[Work to complete] From the line with "Maak kennis met" to the line with "2年女子体育です。グラウンド", output every line below exactly, both ends included. Skip the pictures.

[Given records]
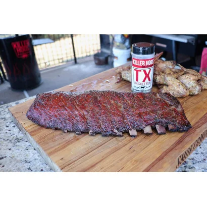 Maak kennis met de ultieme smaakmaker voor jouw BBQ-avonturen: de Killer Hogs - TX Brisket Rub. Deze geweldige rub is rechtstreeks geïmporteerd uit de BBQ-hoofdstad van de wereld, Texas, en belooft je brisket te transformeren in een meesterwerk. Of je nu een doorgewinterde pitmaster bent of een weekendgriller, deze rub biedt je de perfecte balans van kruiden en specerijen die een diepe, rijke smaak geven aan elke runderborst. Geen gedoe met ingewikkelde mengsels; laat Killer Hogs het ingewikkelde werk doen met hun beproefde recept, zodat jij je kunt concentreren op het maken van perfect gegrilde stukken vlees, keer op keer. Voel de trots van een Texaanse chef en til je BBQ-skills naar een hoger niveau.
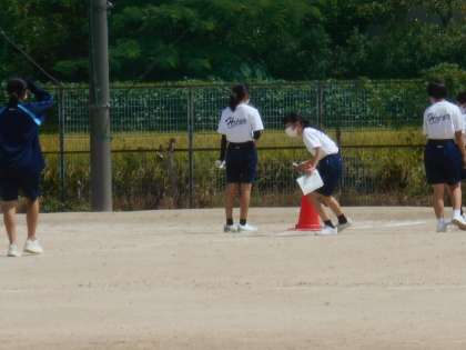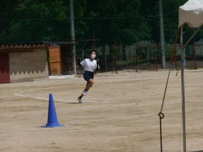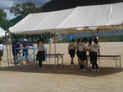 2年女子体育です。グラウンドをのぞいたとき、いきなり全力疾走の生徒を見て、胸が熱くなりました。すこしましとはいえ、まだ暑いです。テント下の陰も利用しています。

* * *

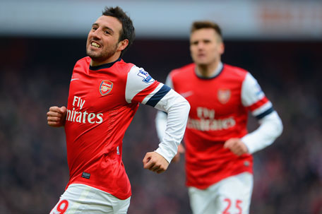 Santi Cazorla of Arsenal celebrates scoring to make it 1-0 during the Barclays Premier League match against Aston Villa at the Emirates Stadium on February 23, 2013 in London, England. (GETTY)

[Completed exercise]
 Maak kennis met de ultieme smaakmaker voor jouw BBQ-avonturen: de Killer Hogs - TX Brisket Rub. Deze geweldige rub is rechtstreeks geïmporteerd uit de BBQ-hoofdstad van de wereld, Texas, en belooft je brisket te transformeren in een meesterwerk. Of je nu een doorgewinterde pitmaster bent of een weekendgriller, deze rub biedt je de perfecte balans van kruiden en specerijen die een diepe, rijke smaak geven aan elke runderborst. Geen gedoe met ingewikkelde mengsels; laat Killer Hogs het ingewikkelde werk doen met hun beproefde recept, zodat jij je kunt concentreren op het maken van perfect gegrilde stukken vlees, keer op keer. Voel de trots van een Texaanse chef en til je BBQ-skills naar een hoger niveau.
 2年女子体育です。グラウンドをのぞいたとき、いきなり全力疾走の生徒を見て、胸が熱くなりました。すこしましとはいえ、まだ暑いです。テント下の陰も利用しています。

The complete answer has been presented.